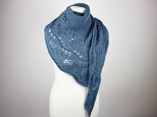 Das Tuch „Japanese Flowers“ beginnt mit nur wenigen Maschen und wird durch seitliche Zunahmen immer größer. Zuerst wird nach Strickschrift A, dann B und anschließend C gearbeitet. Falls ein größeres Tuch gewünscht ist, kann Strickschrift C beliebig oft wiederholt werden.
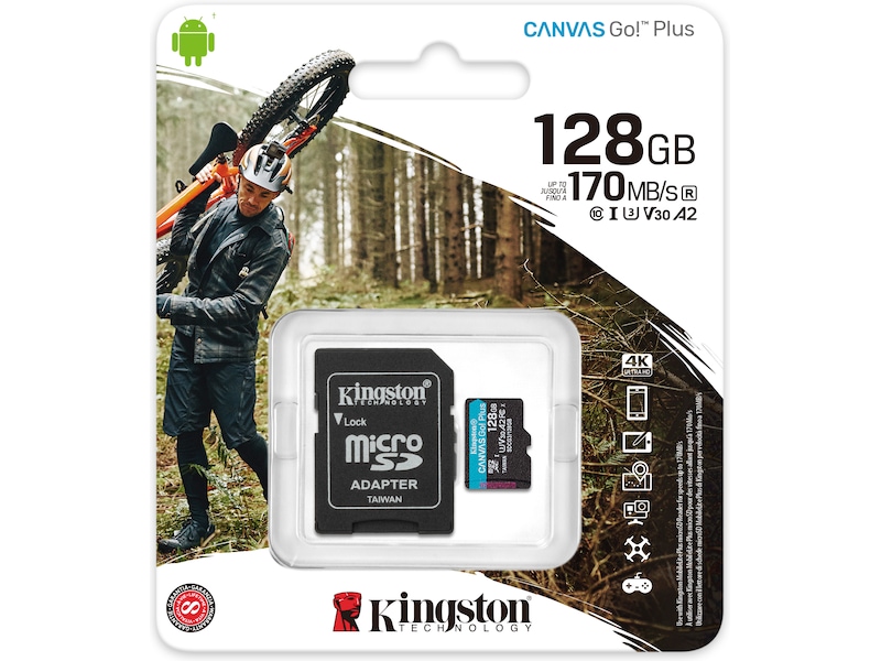 Kingstons Canvas Go! Plus microSD är för äventyrare som alltid är på språng och jagar det perfekta ögonblicket att fånga. Med överlägsna överföringshastigheter på upp till 170 MB/s accelererar Canvas Go! Plus microSD-kort ditt arbetsflöde och effektivitet så att du får mer tid att ta med din kreativitet till nästa äventyr. Spela in fantastiska 4K Ultra-HD-videor med U3- och V30-hastighetsprestanda utan att oroa dig för låga hastigheter och tappade bildrutor, eller ta snabba bilder som är sömlösa och konsekventa. Canvas Go! Plus microSD stödjer A2 Application Performance Class för att påskynda ditt arbetsflöde med snabbare apprestanda på smartphones och surfplattor. En valfri SD-adapter ger extra mångsidighet för användning med SD-kompatibla enheter. Se världen som din canvas och ta med din kreativitet och inspiration på vägen med Canvas Go! Plus microSD.
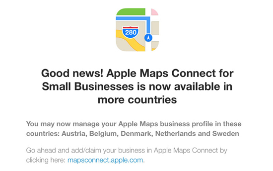 Сервис Apple Maps Connect, позволяющий компаниям создавать карточки со своими данными и прикреплять их к картам Apple, заработал еще в пяти странах мира. Со вторника необходимые данные визуально разместить на карте могут компании из Австрии, Швеции, Дании, Бельгии и Нидерландов. В марте сервис расширил географию на Италию, Швейцарию и Мексики, в феврале – на Канаду, Францию и Германию, а месяцем ранее – на Великобританию, Австралию, Ирландию, Сингапур и Новую Зеландию.
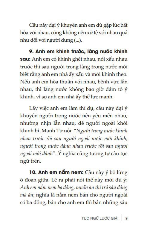 Không những anh em thanh niên học sinh, ngay người lớn chúng ta, nhiều khi cũng không khỏi lúng túng trước ý nghĩa một vài câu tục ngữ, vốn yêu chuộng quốc văn, quốc học, chúng tôi chú trọng đến tục ngữ và văn học Việt Nam đã từ lâu.
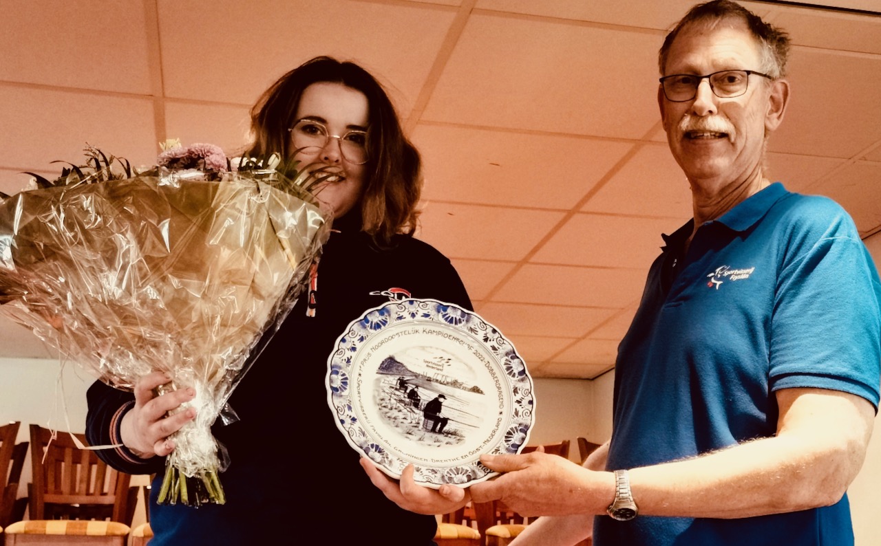 Tevens werd van de gelegenheid gebruik gemaakt om Susanne Dijkstra, de winnares van het NOK 2022, het NOK kampioensbord uit te reiken. Op de foto ontvangt zij het bord van wedstrijdleider Rene Seefat.
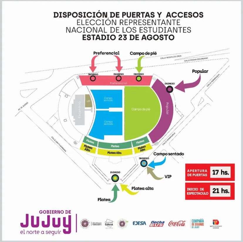 El Ente Autárquico de la Fiesta Nacional de los Estudiantes, dio a conocer la disposición de ingreso del público al Estadio “23 de Agosto” del Club Gimnasia y Esgrima, para el día viernes 29 de septiembre en el marco de la Elección de la Reina Nacional y el espectáculo previsto. El Ente señaló que las puertas del estadio se abrirán a horas 17, mientras que el espectáculo dará inicio a horas 21.

──────

## PROBLEM STATEMENT
Go through the entries above and output them exactly, without pictures.

## TASK SOLUTION
 Das Tuch „Japanese Flowers“ beginnt mit nur wenigen Maschen und wird durch seitliche Zunahmen immer größer. Zuerst wird nach Strickschrift A, dann B und anschließend C gearbeitet. Falls ein größeres Tuch gewünscht ist, kann Strickschrift C beliebig oft wiederholt werden.
 Kingstons Canvas Go! Plus microSD är för äventyrare som alltid är på språng och jagar det perfekta ögonblicket att fånga. Med överlägsna överföringshastigheter på upp till 170 MB/s accelererar Canvas Go! Plus microSD-kort ditt arbetsflöde och effektivitet så att du får mer tid att ta med din kreativitet till nästa äventyr. Spela in fantastiska 4K Ultra-HD-videor med U3- och V30-hastighetsprestanda utan att oroa dig för låga hastigheter och tappade bildrutor, eller ta snabba bilder som är sömlösa och konsekventa. Canvas Go! Plus microSD stödjer A2 Application Performance Class för att påskynda ditt arbetsflöde med snabbare apprestanda på smartphones och surfplattor. En valfri SD-adapter ger extra mångsidighet för användning med SD-kompatibla enheter. Se världen som din canvas och ta med din kreativitet och inspiration på vägen med Canvas Go! Plus microSD.
 Сервис Apple Maps Connect, позволяющий компаниям создавать карточки со своими данными и прикреплять их к картам Apple, заработал еще в пяти странах мира. Со вторника необходимые данные визуально разместить на карте могут компании из Австрии, Швеции, Дании, Бельгии и Нидерландов. В марте сервис расширил географию на Италию, Швейцарию и Мексики, в феврале – на Канаду, Францию и Германию, а месяцем ранее – на Великобританию, Австралию, Ирландию, Сингапур и Новую Зеландию.
 Không những anh em thanh niên học sinh, ngay người lớn chúng ta, nhiều khi cũng không khỏi lúng túng trước ý nghĩa một vài câu tục ngữ, vốn yêu chuộng quốc văn, quốc học, chúng tôi chú trọng đến tục ngữ và văn học Việt Nam đã từ lâu.
 Tevens werd van de gelegenheid gebruik gemaakt om Susanne Dijkstra, de winnares van het NOK 2022, het NOK kampioensbord uit te reiken. Op de foto ontvangt zij het bord van wedstrijdleider Rene Seefat.
 El Ente Autárquico de la Fiesta Nacional de los Estudiantes, dio a conocer la disposición de ingreso del público al Estadio “23 de Agosto” del Club Gimnasia y Esgrima, para el día viernes 29 de septiembre en el marco de la Elección de la Reina Nacional y el espectáculo previsto. El Ente señaló que las puertas del estadio se abrirán a horas 17, mientras que el espectáculo dará inicio a horas 21.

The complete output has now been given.